Transcriptome analysis of the differences in sulfur-related diffeences genes
In garlic, sulfur compounds are the most important organic compound. As described earlier, they include alliin, and many other sulfur compounds involved in alliin biosynthesis. Based on transcriptome analysis, six sulfur-related GO terms were identified: ‘sulfate transmembrane transporter activity’ (GO:0015116), ‘sulfate transport’ (GO:0008272), ‘sulfur compound transport’ (GO:0072348), ‘ligase activity, forming carbon-sulfur bonds’ (GO:0016877), ‘sulfur compound transmembrane transporter activity’ (GO:1901682), and ‘sulfur compound metabolic process’ (GO:0006790). Significant differences in GO:0015116 were observed between T1/3 vs. T4/6, T1/3 vs. T7/9, and T1/3 vs. T10/12 at 0.13427 and 0.13008 and 0.03515, respectively (Fig. 4e). In contrast, significant differences in GO:0016877 were only observed between T1/3 vs. T4/6 and T1/3 vs. T7/9 at 0.02281 and 0.02219, respectively. Differences between T1/3, T4/6, T1/3, T7/9, T1/3 and T10/12 in terms of sulfur-related genes are shown in Additional file 9. Heat maps of the sulfur-related genes were also constructed as shown in Fig. 4f and Additional file 10.
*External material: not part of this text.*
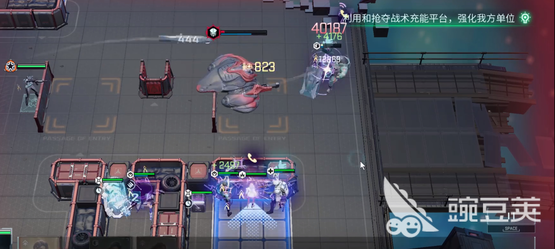 最后是90秒之后的爆發(fā)輸出階段,當(dāng)boss的護(hù)盾破裂觸發(fā)“弱點(diǎn)擊破”的時候,這個時候boss會眩暈五秒,承傷提升50%,就可以全員集火boss了。當(dāng)boss護(hù)盾再生之后就可以重復(fù)部署“重盾嘲諷和側(cè)擊累積”的循環(huán),還可以加入塞謬爾激活右側(cè)的EMP陷阱,會產(chǎn)生額外的20%護(hù)盾傷害值。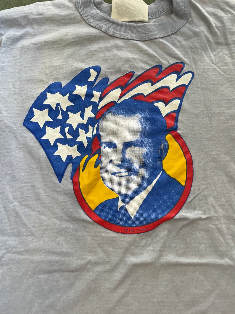 Not so controversial, but political is the campaign printed t-shirt for Nixon, 1972

Identification of transcription factor (TF) families in alliin
A number of TFs are thought to play important roles in alliin biosynthesis. In this study, 452 putative TF-encoding genes belonging to 47 major TF families were analysed. Of these, 40 were included in the BHLH family, 36 in the FAR1 family, and 36 in the NAC family. In order to screen key regulators of alliin biosynthesis, eight of these TF were selected for further analysis (Additional file 11).